Smart Image Click on the blue labels to locate them in the text.
Viewing Examples
Smart Image
  • PDF (Portable Document Format) file information extraction method and device and computer equipment
  • PDF (Portable Document Format) file information extraction method and device and computer equipment
  • PDF (Portable Document Format) file information extraction method and device and computer equipment

Examples

Experimental program
Comparison scheme
Effect test

Embodiment Construction

[0048] The present invention is further described below with reference to the accompanying drawings and specific embodiments of the specification, but will not limit the scope of the invention.

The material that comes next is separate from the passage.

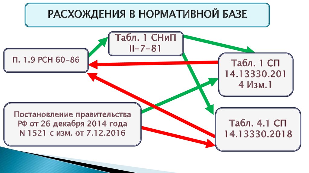 РАСХОЖДЕНИЯ В НОРМАТИВНОЙ БАЗЕТабл. 1 СНиП

[0049] like figure 1 As shown, the PDF file information extraction method of this embodiment includes:

[0050] Step S1: Get the PDF file to be extracted, extract characters and lines in the PDF file;

[0051] Step S2: The simplest table in the PDF file is extracted according to the positional relationship between the extracted lines and the positions between the lines, and the simplest table is the outermost pattern of two or two connected to all lines;

[0052] Step S3: Determine the cell according to the shortest table line to determine the ultrasounder unit, recursive loop to extract the shortline of the nesting of each cell;

[0053] Step S4: The table character of each of the simplest tables is extracted from the character based on the coordinate position of the form lines of each o...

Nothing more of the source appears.